Посрамленный «всезнайка» скрылся в толпе, корректировать свою байку и искать более достойные и благодарные уши, чем наши. Но, незамедлительно, появился новый осведомленный источник информации.
— Мужики, дело говно! В училище зараза, эпидемия! То ли ящур, то ли чума?! А возможно, что холера или черная оспа! Короче, два батальона, уже передохло. Реально! В училище море трупов! Все казармы забиты, складировать негде. Сначала, в столовой складывали в холодильнике, вместе с мясом, теперь прямо в казармах, на своих койках лежат, голубчики. А сверху, ребятушки усопшие, хлоркой засыпаны. Вот так парни, на кладбище приехали. В морг! За свинарником, экскаватор работает, братскую могилу роет. Огромную!
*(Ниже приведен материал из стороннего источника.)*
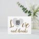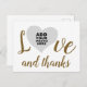 Um cartão postal branco para adicionar sua própria dentro de fotografia a forma de um coração de amor, escrito "amor e obrigados" em estilo de letra manuscrito... uma ideia elegante para dizer obrigado a vocês aqueles que estiveram com vocês no seu casamento
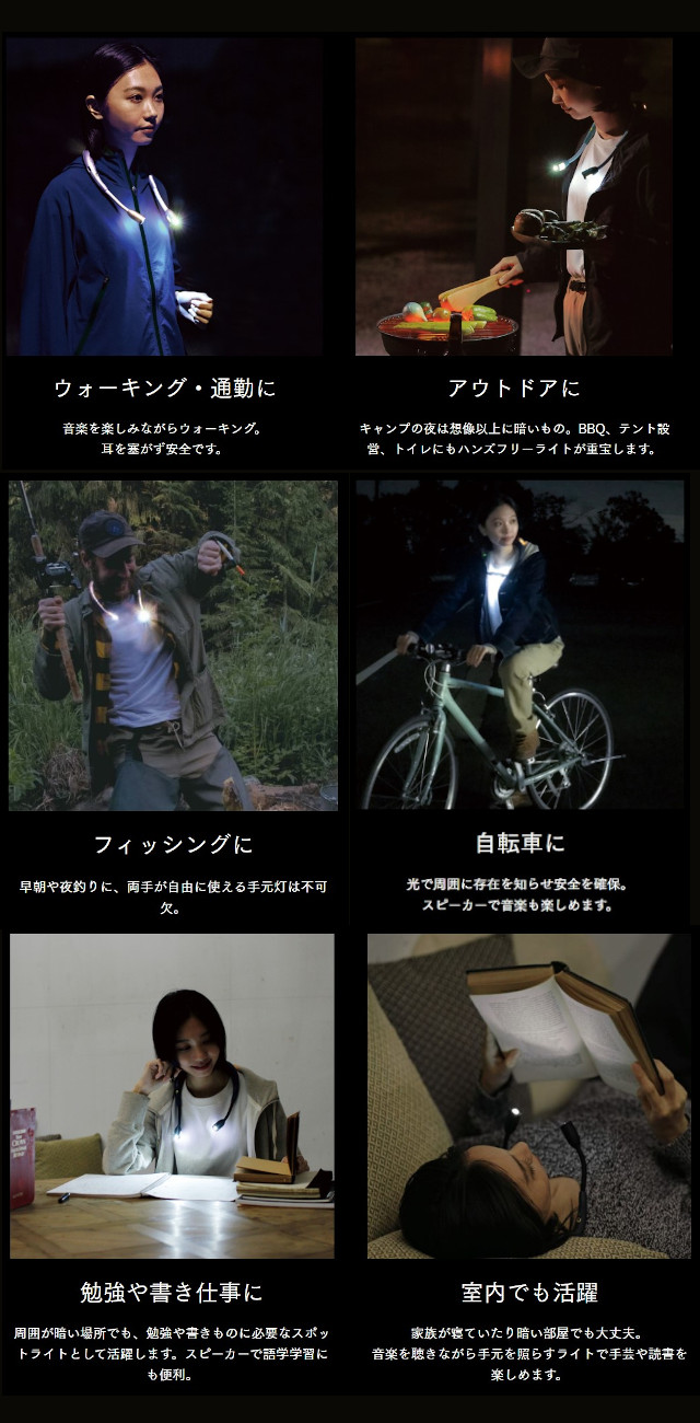 ライトと音を身にまとう、ハンズフリーのウォーキングライト |
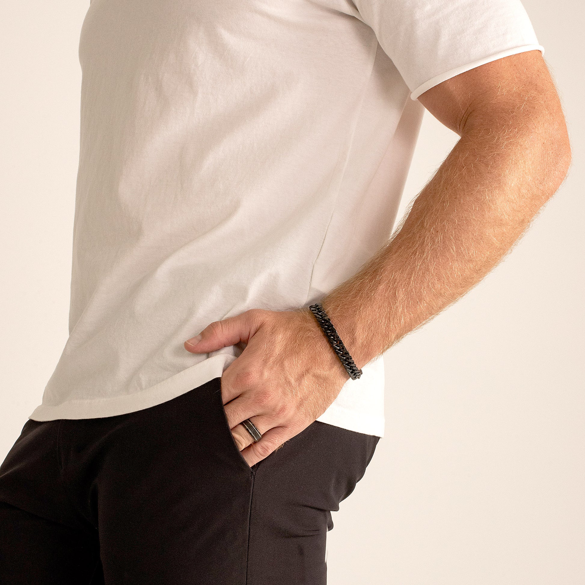 This curb chain has a wearable length of 8 inches and width of 10 millimeters. The bracelet fastens with a lobster claw clasp. Pair this piece with any style whether it's a casual look or a special night out.
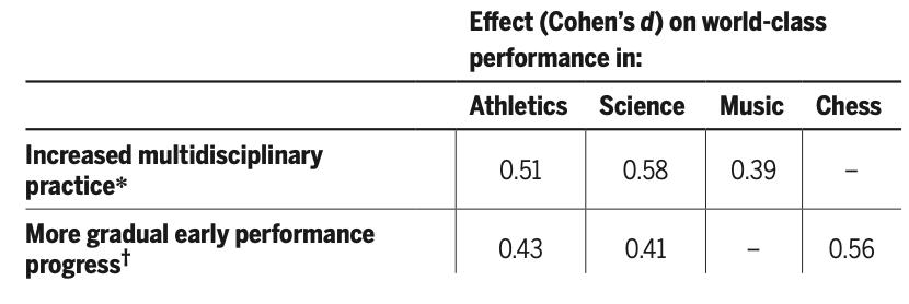 研究者用元分析汇总了跨学科实践和早期缓慢进步对世界级成就的效应量,发现无论是在体育、科学还是音乐领域,这些效应量的大小和方向都高度一致(Cohen’s d = 0.39到0.58),且不同领域之间的差异不具有统计显著性。

Такие дела наши, скорбные.
Долго бы, коротко, народ кормился бы небылицами, но скрипнули петли калитки, и нам навстречу вышел офицер в белом халате. Опаньки, врач! Толпа курсантов, инстинктивно, отшатнулась и попятилась назад. Значит, точно, эпидемия! Шум и галдеж мгновенно затих.
Врач, взял в руки мегафон, залез на широкий фундамент КПП и начал говорить.
— Товарищи курсанты, попрошу без паники! В училище эпидемия!
1000 человек курсантов шарахнулась и еще активнее попятилась назад, оставляя перед доктором проплешину пустого пространства. Врач придвинулся ближе, ребята отступили еще дальше. Кто-то из парней, выдавленный плотной толпой, оказался на самом краю берега пруда и отчаянно балансируя, хватался за впередистоящих ребят, чтобы не упасть в воду, густо заросшую ряской. Тем временем, доктор продолжил.
— Товарищи курсанты! Командование училища поручило мне довести до вас важную информацию. В настоящий момент, в училище зафиксирована вспышка заболевания дизентерией. Источник заразы пока не выявлен. На территории училища установлен карантин, со всеми вытекающими отсюда последствиями и ограничениями. В настоящий момент, командование училища решает вопрос о целесообразности вашего присутствия на территории, объявленной в зоне карантина. Начальник училища просит соблюдать спокойствие и воинскую дисциплину. Сейчас проводится экстренное совещание. По факту его завершения, результаты вам сообщат дополнительно. Всем спасибо за внимание. Никому никуда не расходиться. Всем ждать здесь!
Медик слез с возвышения и скрылся на территории училища. Металлическая калитка тихо закрылась за его спиной. Толпа загудела и зашевелилась с новой силой, курсанты, начали перетекать с места на место, выискивая ребят из своих подразделений. Все горячо обсуждали услышанное. В воздухе, разносились новые слухи. Наше классное отделение компактно собралось под памятником МИГ-21, в принципе, это была территория, закрепленная за нашим классным отделением, и мы регулярно вычищали ее от опавших листьев и снега. Поэтому, все ребята спонтанно собрались в знакомом и привычном для нас месте и стали высказываться по поводу последних официальных известий. Курсант Полимонов сиял от счастья и болтал без умолку.
— Парни, сейчас, нам выпишут новые отпускные билеты и продлят отпуск. Вот свезло, так свезло. Опять по домам. Ура! Да здравствует эпидемия!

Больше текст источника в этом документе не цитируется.